-- Opening Marker --

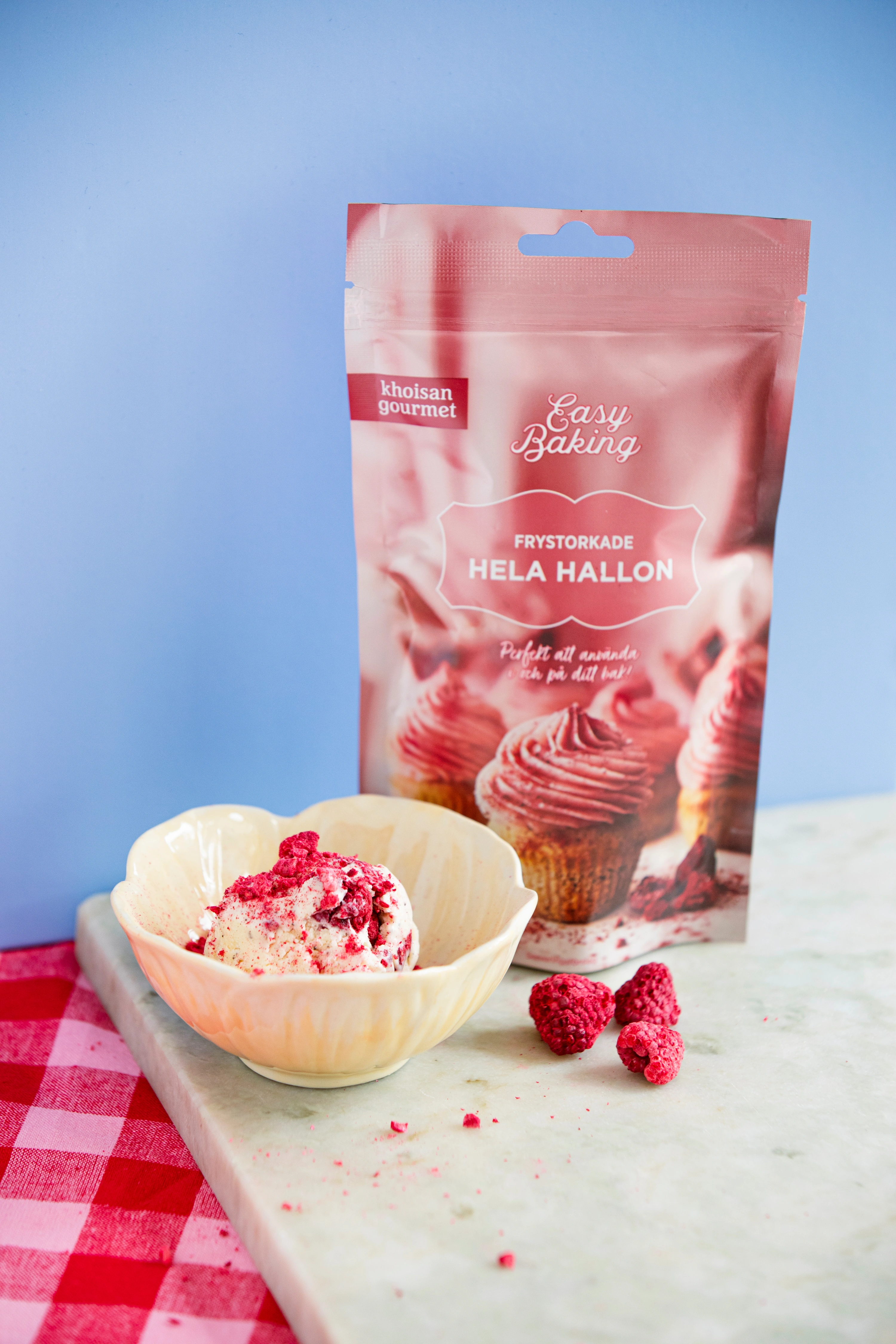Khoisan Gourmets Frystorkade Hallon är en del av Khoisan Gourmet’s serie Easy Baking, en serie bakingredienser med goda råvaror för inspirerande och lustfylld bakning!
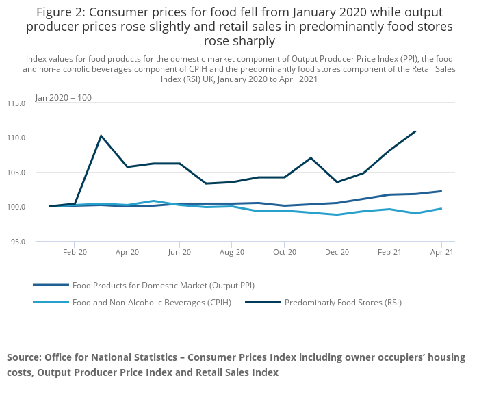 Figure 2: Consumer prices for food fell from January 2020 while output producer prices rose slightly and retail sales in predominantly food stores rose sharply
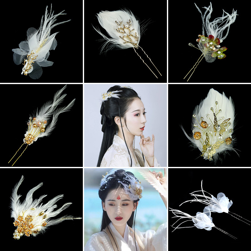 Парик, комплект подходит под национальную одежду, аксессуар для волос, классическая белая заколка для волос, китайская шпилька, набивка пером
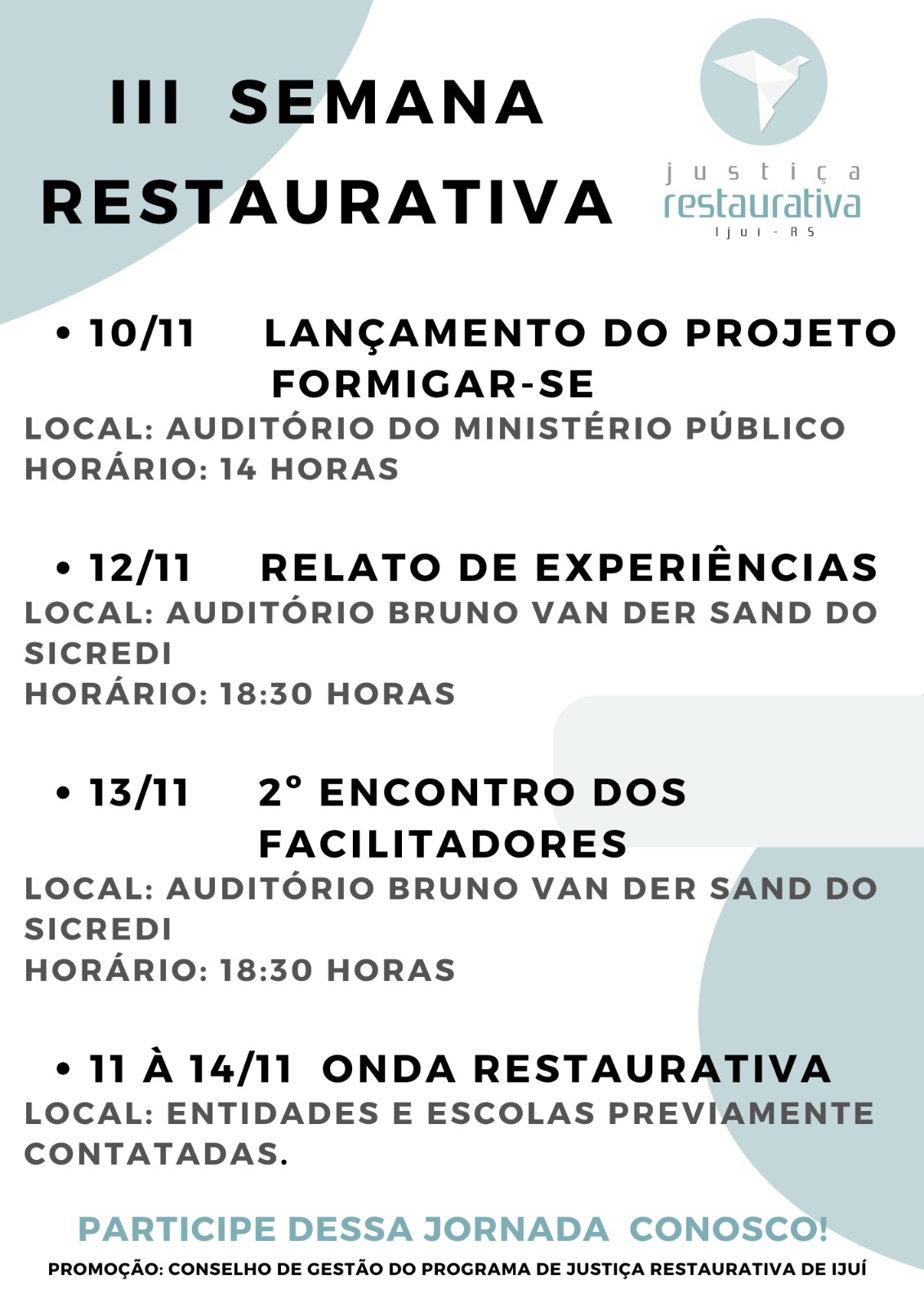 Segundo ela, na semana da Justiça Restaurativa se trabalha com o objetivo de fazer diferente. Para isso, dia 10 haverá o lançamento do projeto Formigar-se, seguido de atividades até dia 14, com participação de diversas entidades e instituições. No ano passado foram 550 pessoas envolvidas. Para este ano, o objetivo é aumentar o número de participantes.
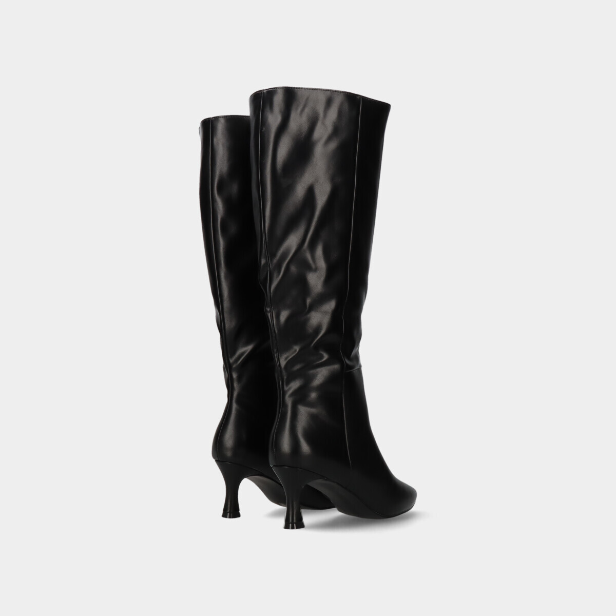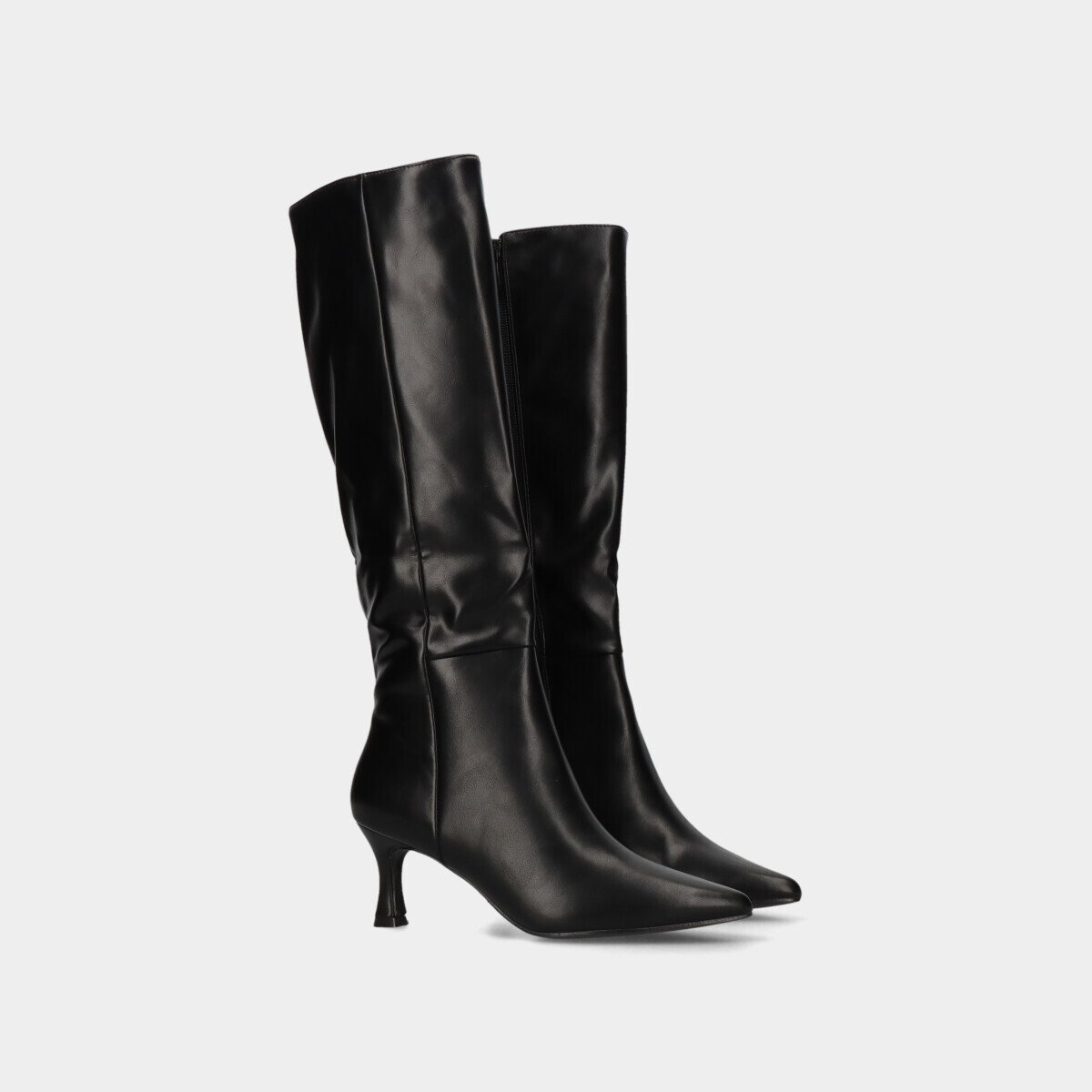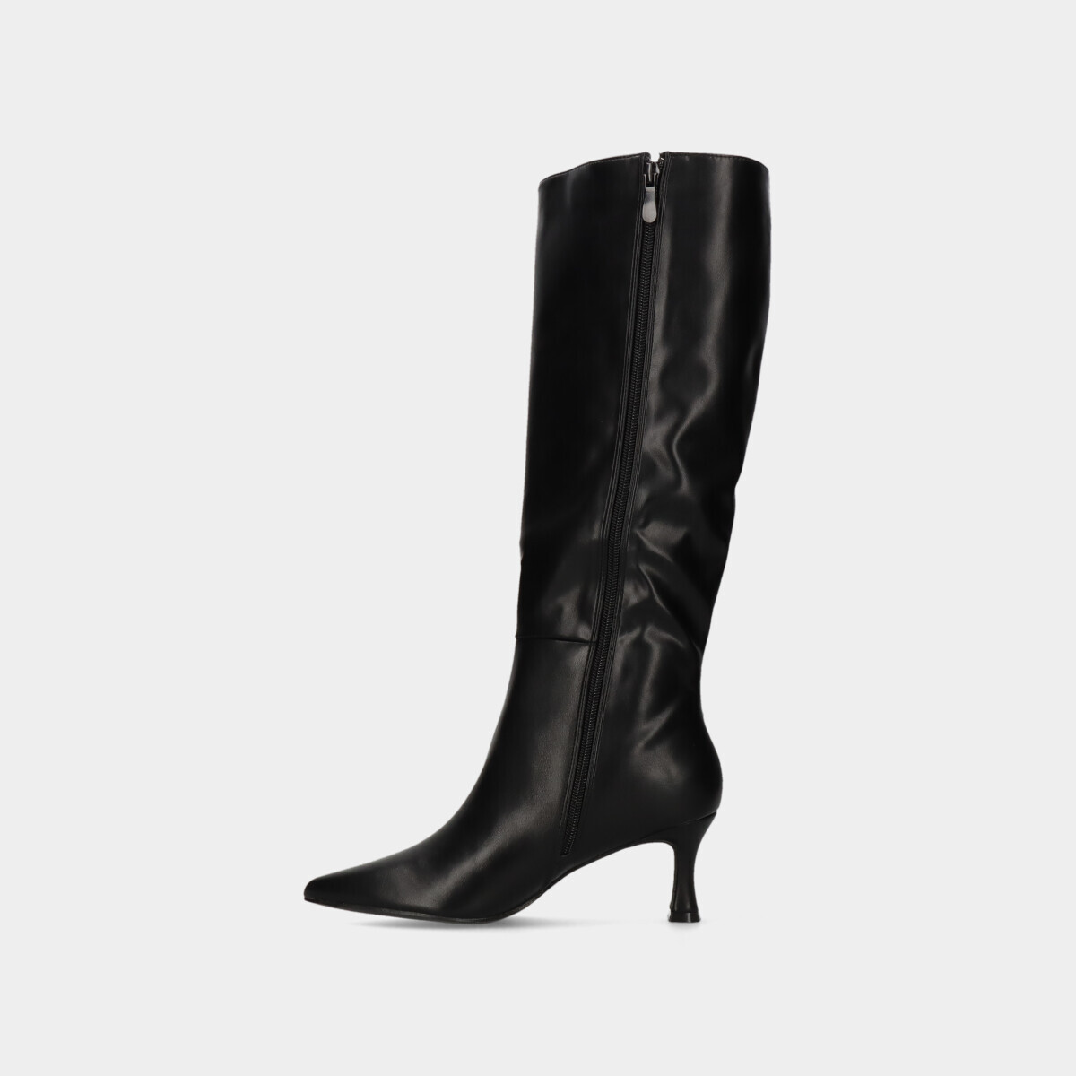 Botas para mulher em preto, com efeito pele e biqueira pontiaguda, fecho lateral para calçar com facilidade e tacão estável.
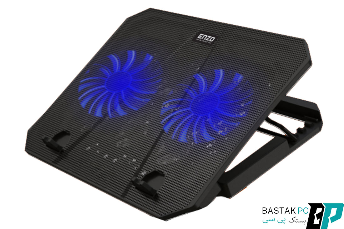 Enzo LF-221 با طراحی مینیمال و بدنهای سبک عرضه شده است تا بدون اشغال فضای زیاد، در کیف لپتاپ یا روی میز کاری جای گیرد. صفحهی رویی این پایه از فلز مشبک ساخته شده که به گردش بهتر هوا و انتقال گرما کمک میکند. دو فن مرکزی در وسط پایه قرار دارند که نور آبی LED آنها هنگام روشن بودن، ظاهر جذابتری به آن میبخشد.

-- Closing Marker --

■ **Action item**: What you return must be every entry, word for word, without any pictures.

■ **Task answer**:
Khoisan Gourmets Frystorkade Hallon är en del av Khoisan Gourmet’s serie Easy Baking, en serie bakingredienser med goda råvaror för inspirerande och lustfylld bakning!
 Figure 2: Consumer prices for food fell from January 2020 while output producer prices rose slightly and retail sales in predominantly food stores rose sharply
 Парик, комплект подходит под национальную одежду, аксессуар для волос, классическая белая заколка для волос, китайская шпилька, набивка пером
 Segundo ela, na semana da Justiça Restaurativa se trabalha com o objetivo de fazer diferente. Para isso, dia 10 haverá o lançamento do projeto Formigar-se, seguido de atividades até dia 14, com participação de diversas entidades e instituições. No ano passado foram 550 pessoas envolvidas. Para este ano, o objetivo é aumentar o número de participantes.
 Botas para mulher em preto, com efeito pele e biqueira pontiaguda, fecho lateral para calçar com facilidade e tacão estável.
 Enzo LF-221 با طراحی مینیمال و بدنهای سبک عرضه شده است تا بدون اشغال فضای زیاد، در کیف لپتاپ یا روی میز کاری جای گیرد. صفحهی رویی این پایه از فلز مشبک ساخته شده که به گردش بهتر هوا و انتقال گرما کمک میکند. دو فن مرکزی در وسط پایه قرار دارند که نور آبی LED آنها هنگام روشن بودن، ظاهر جذابتری به آن میبخشد.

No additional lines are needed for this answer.